++++ DATA EXTRACT ++++
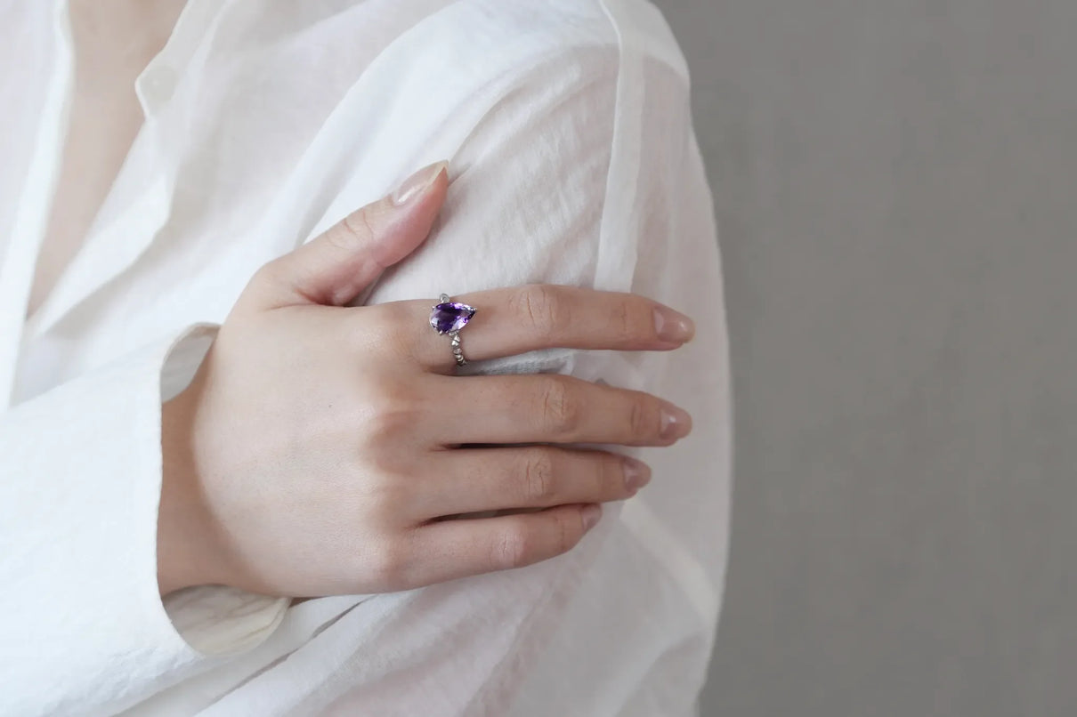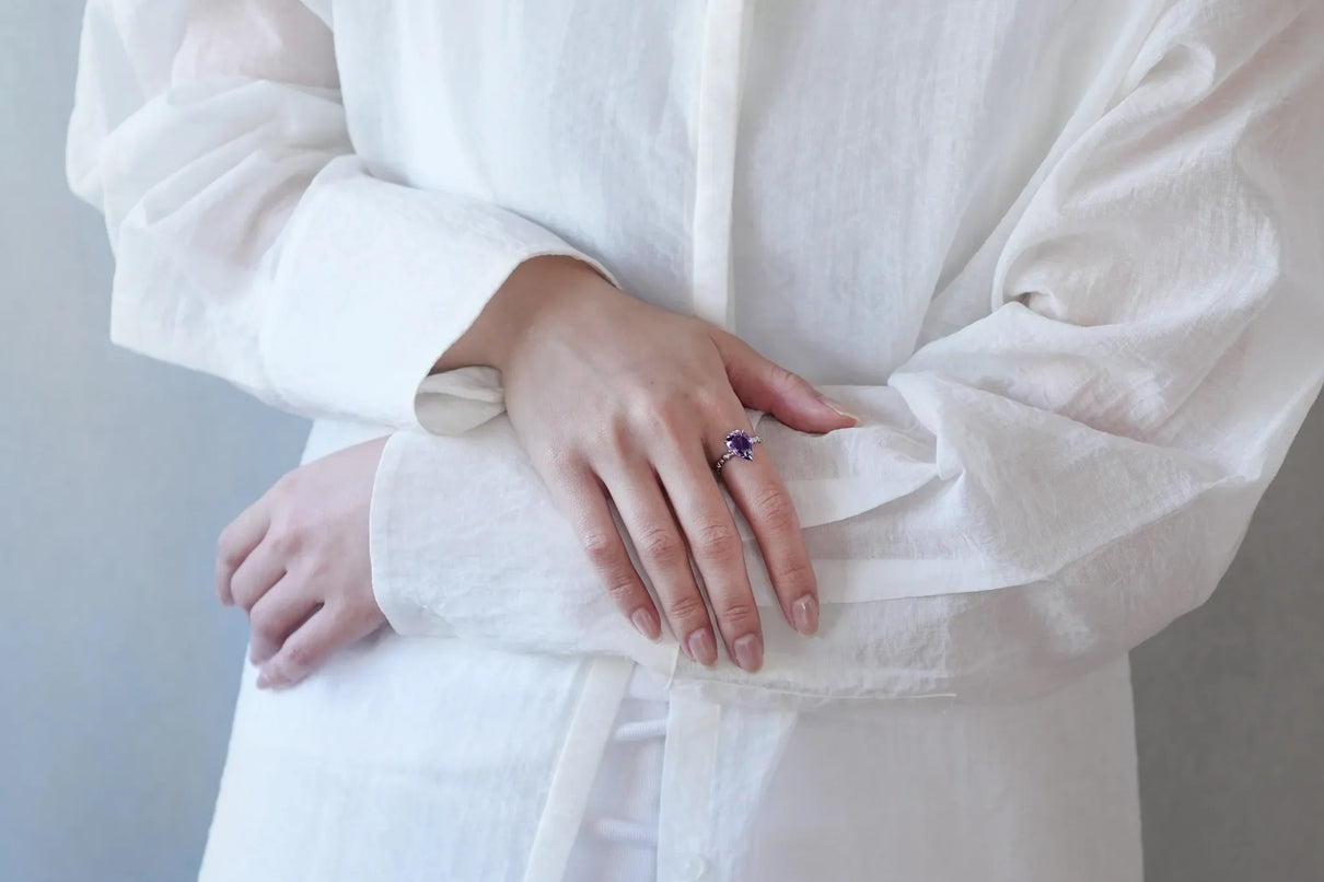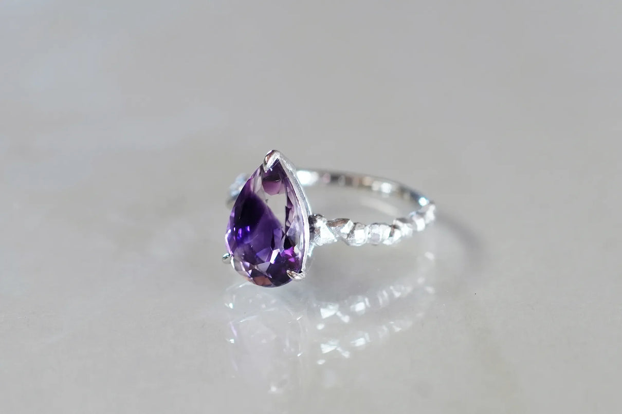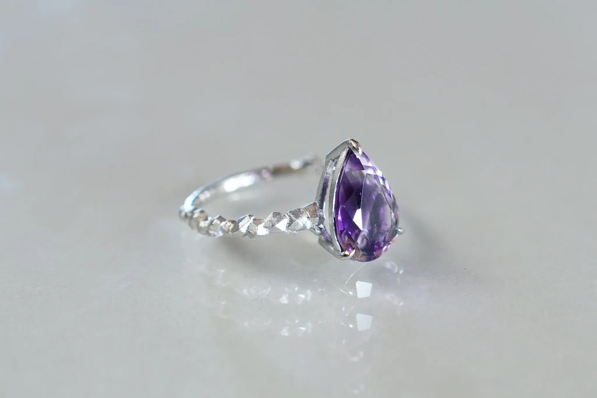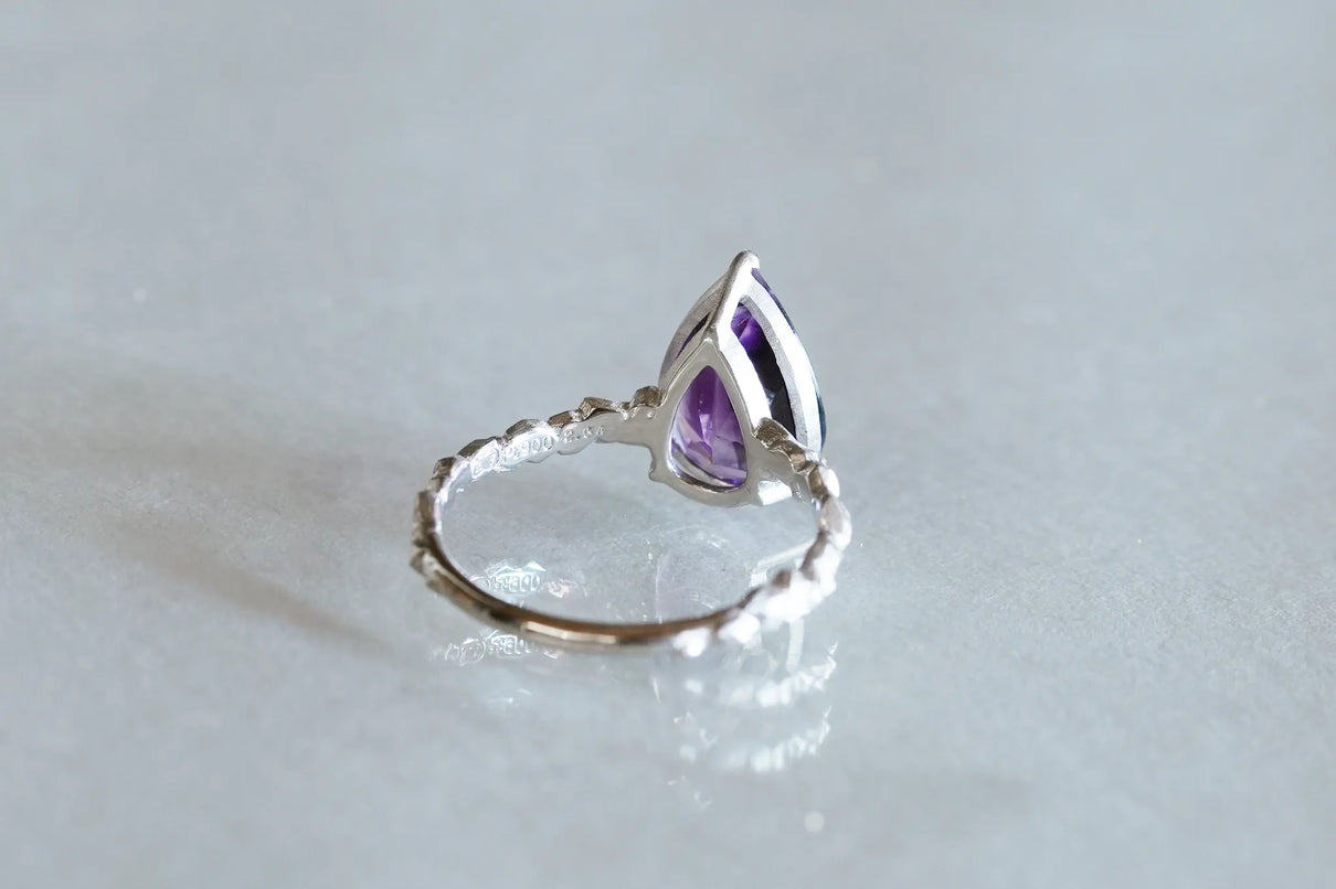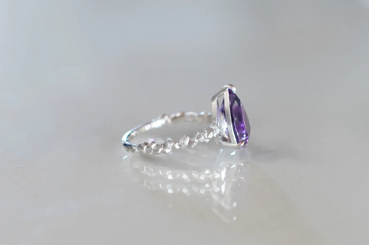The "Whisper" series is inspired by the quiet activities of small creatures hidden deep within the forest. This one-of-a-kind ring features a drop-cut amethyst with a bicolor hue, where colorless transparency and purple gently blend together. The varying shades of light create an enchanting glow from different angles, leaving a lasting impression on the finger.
++++
++++ DATA EXTRACT ++++
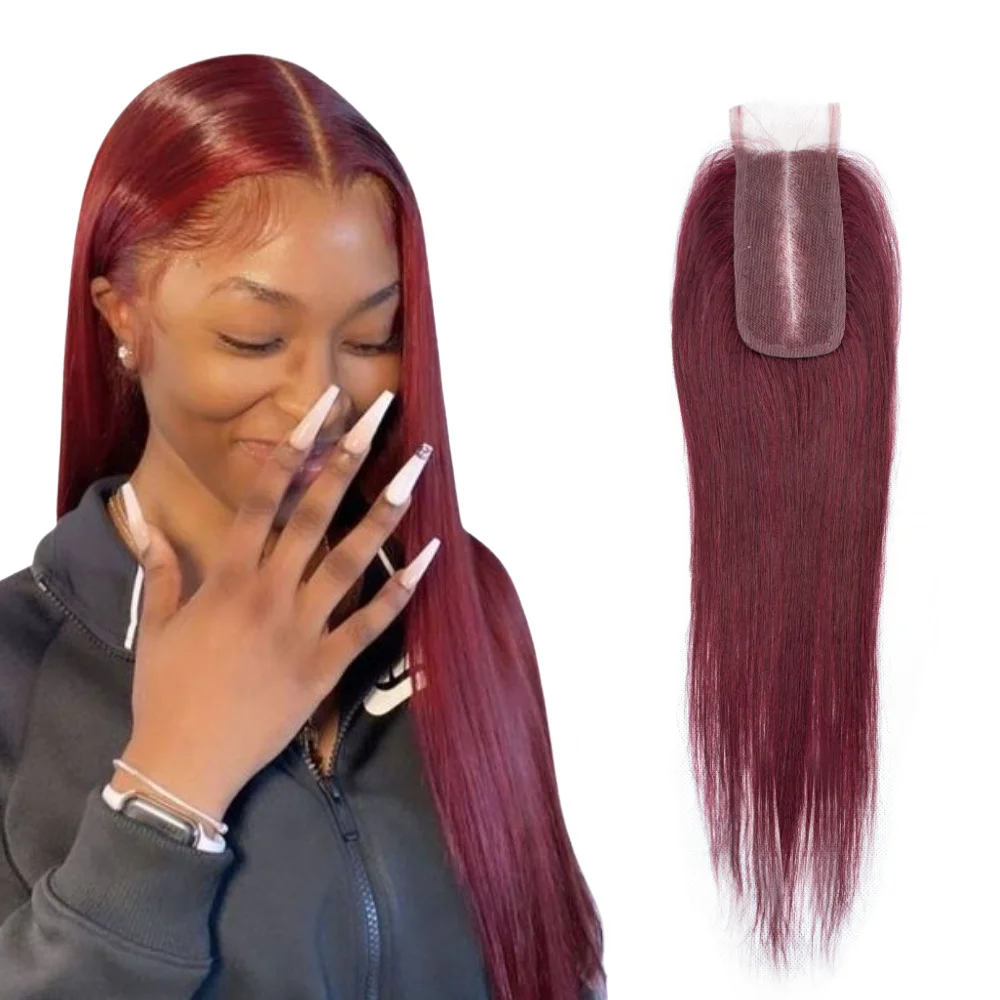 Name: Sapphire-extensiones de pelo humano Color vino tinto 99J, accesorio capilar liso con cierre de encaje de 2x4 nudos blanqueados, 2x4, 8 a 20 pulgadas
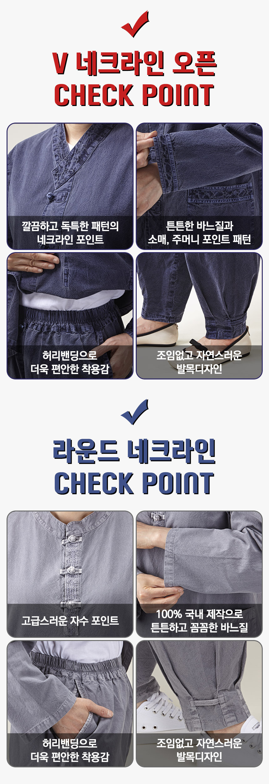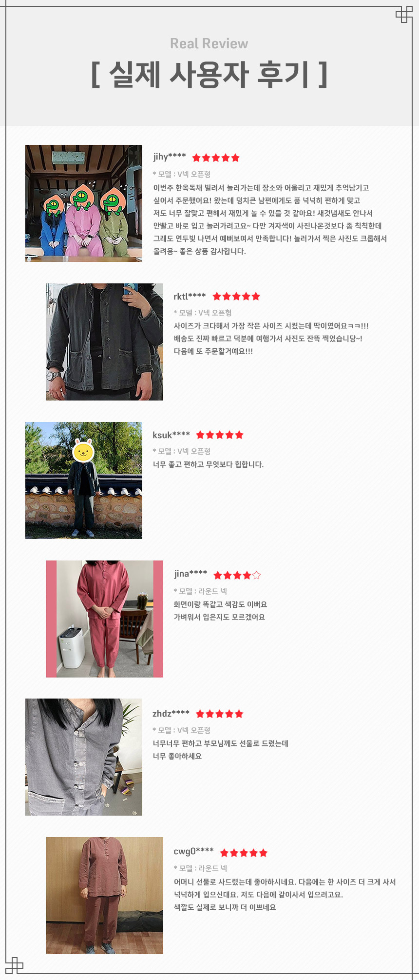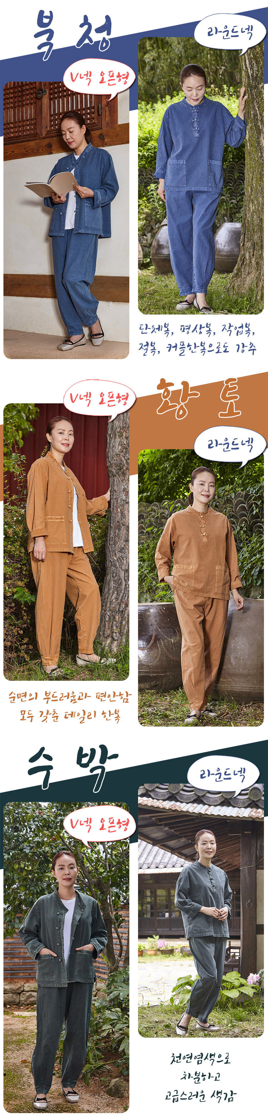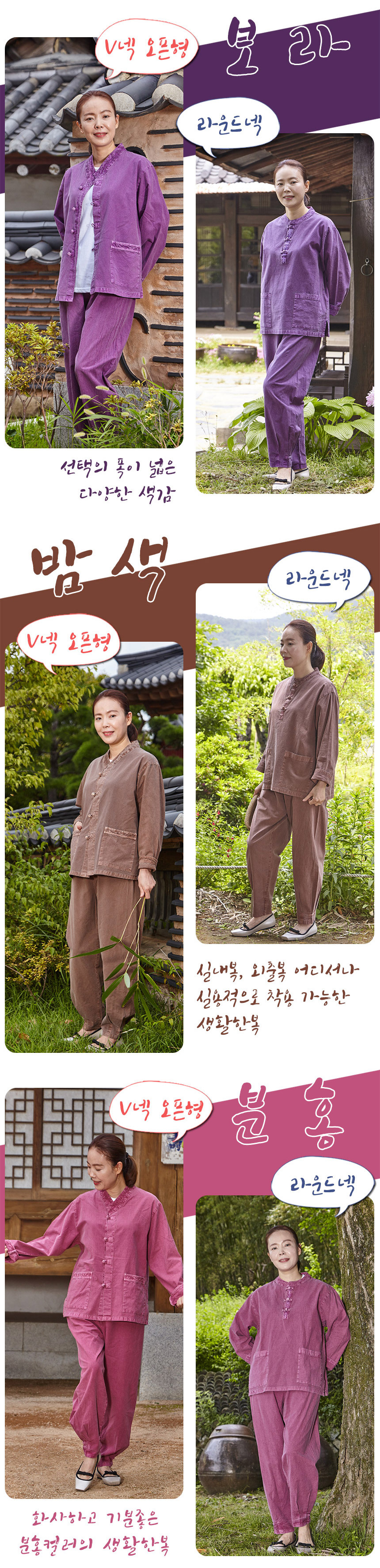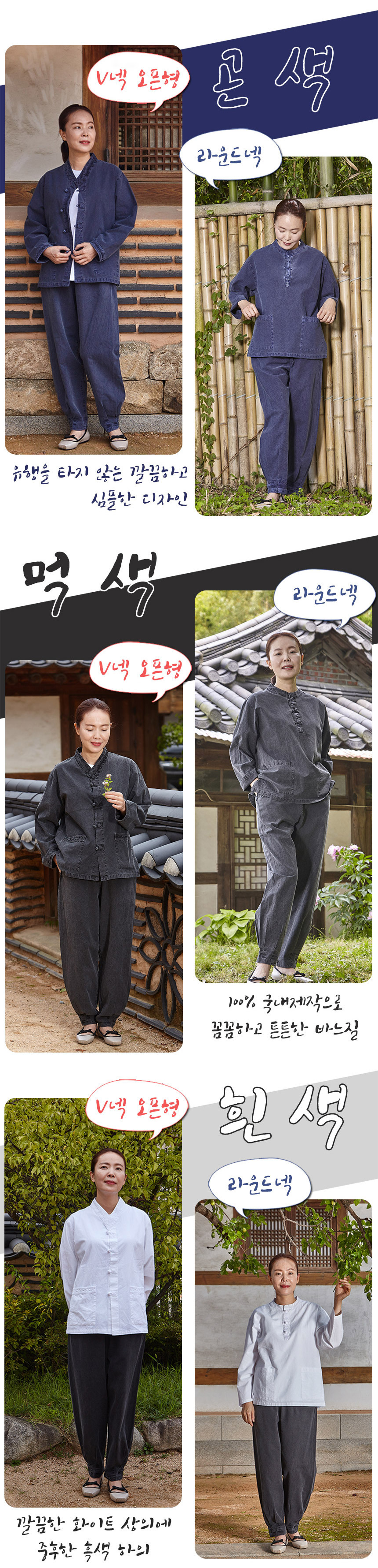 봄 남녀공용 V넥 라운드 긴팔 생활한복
++++
++++ DATA EXTRACT ++++
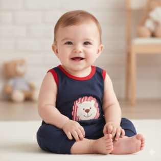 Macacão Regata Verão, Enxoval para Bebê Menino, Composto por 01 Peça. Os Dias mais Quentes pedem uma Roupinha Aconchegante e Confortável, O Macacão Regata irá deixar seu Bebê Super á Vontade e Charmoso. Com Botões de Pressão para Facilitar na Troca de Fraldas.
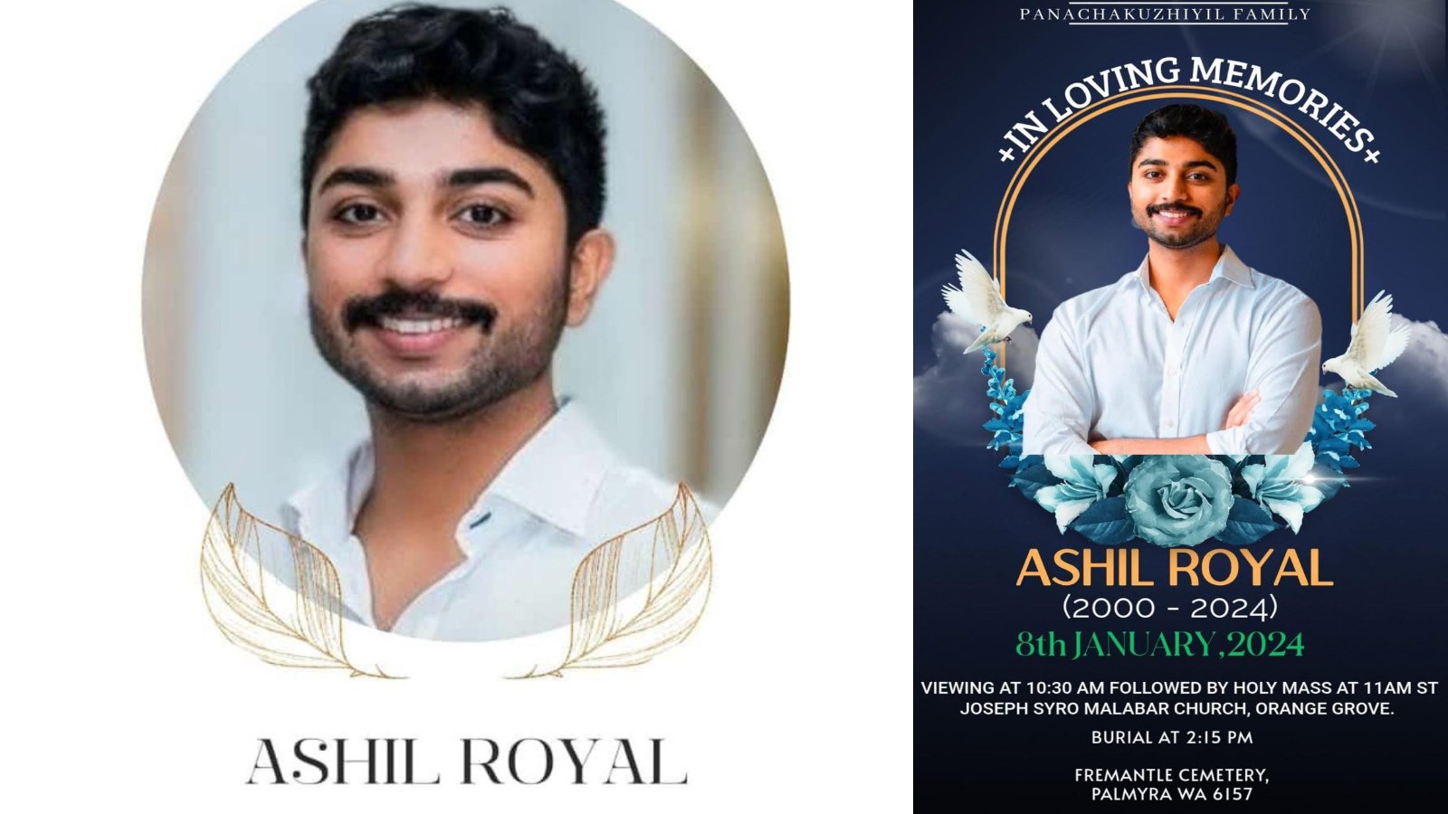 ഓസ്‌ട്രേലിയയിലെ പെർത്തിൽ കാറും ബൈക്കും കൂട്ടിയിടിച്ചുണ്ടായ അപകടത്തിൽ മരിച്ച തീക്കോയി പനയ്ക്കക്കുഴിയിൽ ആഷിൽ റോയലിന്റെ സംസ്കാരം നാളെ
++++
● ASSIGNED TASK: Return exactly the lines of the material above, starting at the line containing "Macacão Regata Verão, Enxoval" and finishing at the line containing "ഓസ്‌ട്രേലിയയിലെ പെർത്തിൽ കാറും", without any pictures.

● TASK RESULT:
 Macacão Regata Verão, Enxoval para Bebê Menino, Composto por 01 Peça. Os Dias mais Quentes pedem uma Roupinha Aconchegante e Confortável, O Macacão Regata irá deixar seu Bebê Super á Vontade e Charmoso. Com Botões de Pressão para Facilitar na Troca de Fraldas.
 ഓസ്‌ട്രേലിയയിലെ പെർത്തിൽ കാറും ബൈക്കും കൂട്ടിയിടിച്ചുണ്ടായ അപകടത്തിൽ മരിച്ച തീക്കോയി പനയ്ക്കക്കുഴിയിൽ ആഷിൽ റോയലിന്റെ സംസ്കാരം നാളെ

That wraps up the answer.